Les pénalisés à l'heure actuelle, ce sont les petits épargnants de contrats d'assurance-vie par actions entre autres qui voient une partie de leurs économies fondre et les signataires d'un prêt à taux variable dont les conditions deviennent prohibitives. C'est à ce niveau que nos banques ont du mal à réagir en toute sérénité. Un  fait parmi tant d'autres au sujet d'un transfert de PEA par exemple, sous mandat de gestion qui a pris trois mois après l'ordre initial et que pendant ce temps,  les cours des valeurs se sont effondrés. Le manquement au devoir de conseil de la banque est lourd de conséquences. Dans le cadre d'un mandat de gestion donné, la banque a investi sur des valeurs de plus de 90 % dans des fonds gérés par la banque en situation totale de conflit d'intérêt puisque d'une part, le groupe peut soutenir un fonds sous-commercialisé mal noté, ou dont la valeur de la part s'effondre et d'autre part, le même groupe et ses OPCVM encaissent à la fois les frais d'entrée et de sortie à chaque mouvement, et bien sûr des frais pour une speudo-gestion et bien avoir à l'esprit que, dans ce contexte, la banque n'apporte aucune réelle valeur ajoutée. Il est bon de rappeler que toutes les enseignes bancaires ont les mêmes pratiques alors rien ne sert de dévoiler telle ou telle banque.

A travers ce vécu, les responsables ne sont pas des virtuels de la finance mais bien des conseillers financiers de la banque et que faisons-nous ? Le client est en colère et lesdits conseillers absents, en formation, en congés, en rendez-vous,  et le groupe qui réfute ainsi toute concurrence contraint le départ de son client surtout s'il s'agit de seniors. Une absence de conseils, un refus de la concurrence et des situations de conflits d'intérêts font apparaitre une image catastrophique des banques qui ne peut qu'aggraver la désaffection des petits épargnants boursiers. Rappelons que les banques ont su placer leurs produits placements, assurance-vie titres par une politique marketing nébuleuse quant à leur contenu pour tout profane de l'épargne à risques.

Un autre domaine de vécu réside dans la situation des clients titulaires d'un prêt immo à taux variable qui constatent, découvrent,  sans bien en comprendre les rouages que leurs échéances, leur taux et la durée de leur emprunt augmentent subitement.

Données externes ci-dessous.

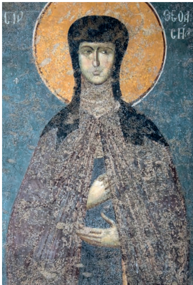
Сл. 201. Богородица Љевишка у Призрену, света Теодосија, око 1310. године

региону, у Сиринићкој жупи, где је постојала веома дуга преписивачка традиција. 19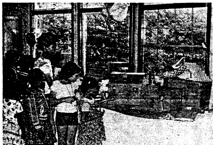
Waar het landelijke bouwprogramma voor betaalbare woningen stagneert meent de Bijlmerjeugd een voorbeeld te stellen door het bouwen van bijzonder goedkope huisjes.

Met de K.L.M. daarentegen is het prima werken geweest." En om aan te geven dat hij best tevreden is over het verloop van de charter, heeft Brown nu al meer plannen om in december opnieuw een "charter" naar Suriname te organiseren. "Ik verwacht dat ik duizend boekingen krijg", zegt hij met enig overdreven enthousiasme. Deze tweede charter zal naar alle waarschijnlijkheid in een ruimer vliegtuig worden uitgevoerd, een Super DC-8.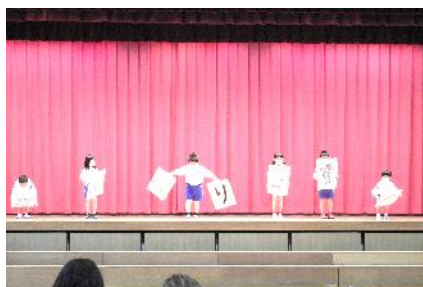
1年生 はじめの言葉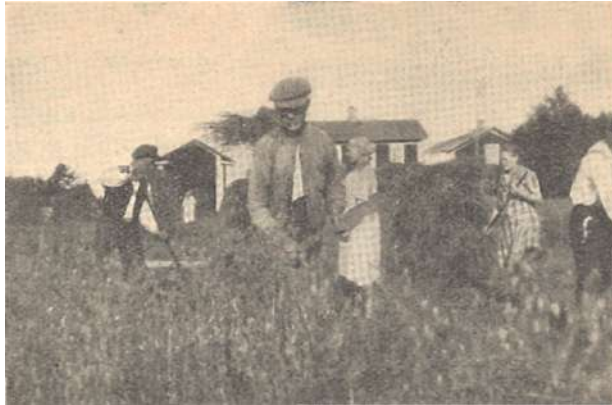
Ahkeran työn siunaus. Suomen nykyinen yhteiskuntajärjestys suojaa kaikki kansalaisensa ja turvaa työrauhan.

Ilman isänmaallisen kansanosan vääjäämätöntä tahtoa taistella kaikella lain ankaruudella tätä liikettä vastaan, ilman tinkimätöntä tukea hallituksen ja viranomaisten toimenpiteille rikollisiksi osoitettavien kommunististen toimintamuotojen ja koko kommunistisen liikkeen ehkäisemiseksi, ja, niinkuin on osoittautunut, ilman lakien tehostamista ei valtiovalta kykene torjumaan kyllin tehokkaasti tätä uhkaavaa vaaraa.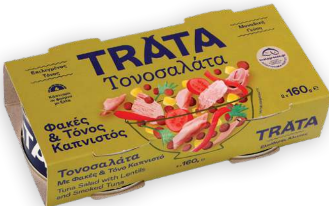
Τονοσαλάτα με φακές και τόνο καπνιστό Tuna salad with lentils and smoked tuna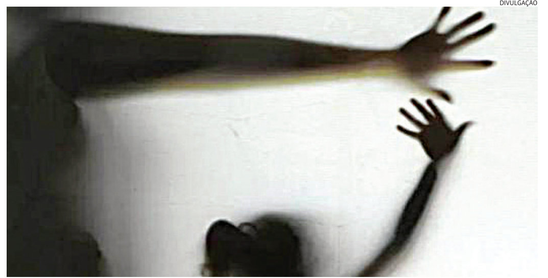
Casos de violência contra a mulher crescem em todo o país e em Jundiaí não é diferente

Ela afirma que, tão importante quanto denunciar é guardar as provas. "Isso sig-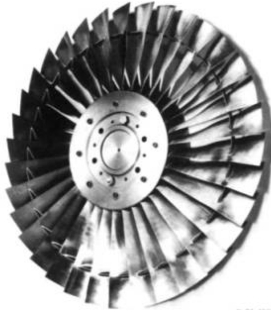
Fig1. https://ntrs.nasa.gov/citations/19760017065 p.114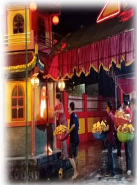
PEMBAKARAN UANG KERTAS SEUSAI SEMBAHYANG TUHAN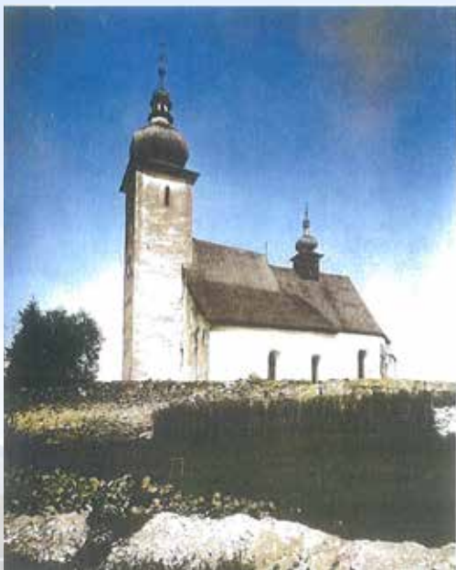
Rímskokatolícky kostol v L. Jáne na kolorovanom zábere z prvej tretiny 20. storočia Liptovské múzeum v Ružomberku

Aby po tomto nariadení neostali ľudia bez soli, bolo liptovským soľným skladom zakázané soľ predávať kupcom. V júli bol zakázaný pravidelný jarmok v Liptovskom Trnenci a Sielnici. Po vypuknutí cholery v auguste 1831 sa nariaďovalo v postihnutých obciach zavrieť školy, kostoly a krčmy a zakázať jarmoky. Domy kde sa nachádzali chorí alebo mŕtvi mali byť uzavreté a strážené. Chorí ani zdraví ich nemohli opustiť. Mŕtve telá mali byť na miesto pochovania odvezené zvláštnym vozom a do hrobu mali byť spúšťané bez dotknutia štyrmi železnými hákmi. Mŕtve telá v hromadných hroboch mali byť zasýpané vápnom, pieskom a skalami. Takéto miesto malo byť potom obkopené priekopou. Veci z postihnutých domov mali byť všetky spálené a prísne bolo zakázané predávať obnosené šatstvo.

Comment s'y retrouver face à un tel jargon sur la maitrise du produit vendu par des conseilleurs du Crédit Foncier entre autres banques, qui a distribué des prêts à risques à une époque où effectivement la conjoncture était plus sereine. On constate que la banque a vendu en fonction bien entendu du capital prêté, avec un taux initial sur 15 ans à 2.90 % dans certains dossiers, avec une mensualité de 650 € et aujourd'hui le taux attractif de l'époque passe à 6.08 % sur une durée de 221 mois pour maintenir une mensualité dite "douce"  de 682 € !

Voilà une réalité que toute  banque a du mal à prendre en compte aux fins de renégocier ce type de prêt à fuir.

Alexandra PETIOT

www.acabe.fr

29/09/2008

GERANT, MA BANQUE REFUSE TOUT CREDIT....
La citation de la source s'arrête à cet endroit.